I checked if I was using the term right and I think I am. In Wikipedia disruptive innovation is associated to markets and how a new technology disrupts and existing market. They way I see it, chromosome capture technologies are also disruptive with respect to current research by forcing the need to incorporate new findings into established research and opening a new field of investigation.
It is quite a complex technology and while HiC contact maps look awesome. However, when summarized appropriately, they are highly correlated with chromatin features, replication timing, etc. As for me right now HiC data is no that breakthrough when viewed together with a high number of ChIP, H3K.., etc tracks. I mean, it is not that certain that the effort required to perform a solid HiC experiment worth a set of well-performed ChIP-seq for the majority of epigenetic studies.
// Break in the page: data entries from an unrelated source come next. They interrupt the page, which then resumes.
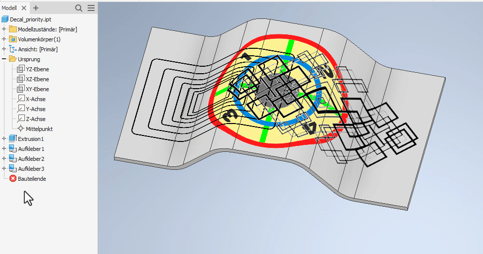 Wenn sich Aufkleber überlappen, wird die Anzeigepriorität von Aufklebern durch die Baumstrukturposition des Modells gesteuert.
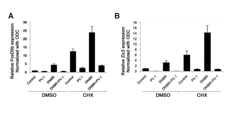 Fig. 2. PV.1 reduces FoxD5b and Zic3 expression. (A, B) Embryos were injected with RNAs (PV.1, 500 pg and DNBR, 1 ng) at the one-cell stage as indicated. Animal explants were dissected at stage 8 and incubated in the animal cap media containing DMSO or cyclohexamide (CHX, 5 ng/ml) until stage 10. RT-PCR was performed to analyze the relative FoxD5a and Zic3 expressions. Data are shown as the means ± the S.D. of the values from at least 3 independent experiments. Differences were considered significant at P < 0.05.
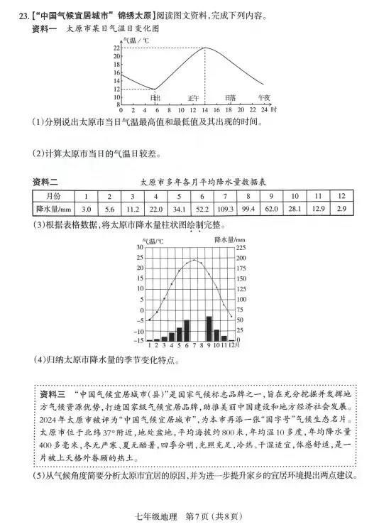 (5)原因:太原市位于北纬37°附近,地处北温带:属于温带季风气候:年均温10多度,年均降水量400多毫米,冷热、干湿适宜:四季分明,光照充足:冬无严寒、夏无酷暑等。(每点1分,任答两点得2分)
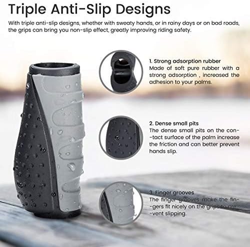 【مادة عالية الجودة 】مقابض مقود الدراجة مصنوعة من المطاط اللدن حراريًا وسبائك الألومنيوم، يمكنها عزل يديك عن الصدمات والاهتزاز، وتخفف من تعب اليد أثناء الركوب الطويل. إنها ذات مقاومة كبيرة ضد الانزلاق، نتيجة للامتصاص القوي. الآن، لا داعي للقلق بشأن انزلاق يديك فجأة في يوم ممطر.
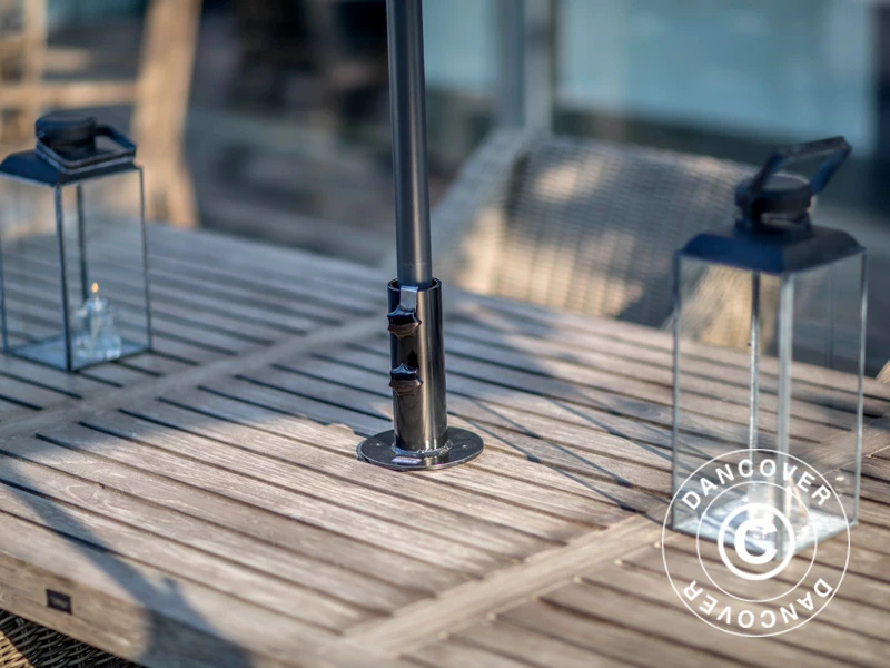 Vous souhaitez complètement fixer votre parasol dans votre table ou votre terrasse – nous avons ce qu’il vous faut.
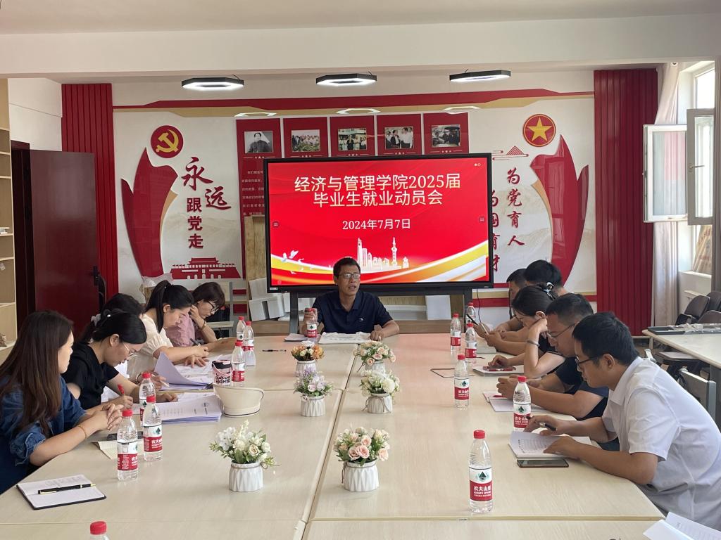 为有序推进学院2025届毕业生就业工作,充分服务毕业生高质量就业,2024年7月7日上午,经济与管理学院在西八宿舍楼胡杨导航辅导员工作室召开2025届毕业生就业动员会,全体2025届毕业班班主任及辅导员参会,会议由学院党委副书记、纪委书记朱哲主持。

I disagree. Without conformation capture technologies you can hardly get an idea of how chromosomes fold and how such structure affects gene regulation. Chromatin states do correlate with features observed on Hi-C but can hardly inform you about the 3D structure.
Sure, one can get lots of important information, e.g. does a given enhancer element really interacts with loci of interest. But I was talking about practical point, if it is a disruptive innovation, than it should add some essential data to become a routine analysis tool in cancer progression studies, etc. Of course this looks like a sort of correlation debate vs causality. I'm really excited to see some examples with a direct application of HiC in studying genetic disorders.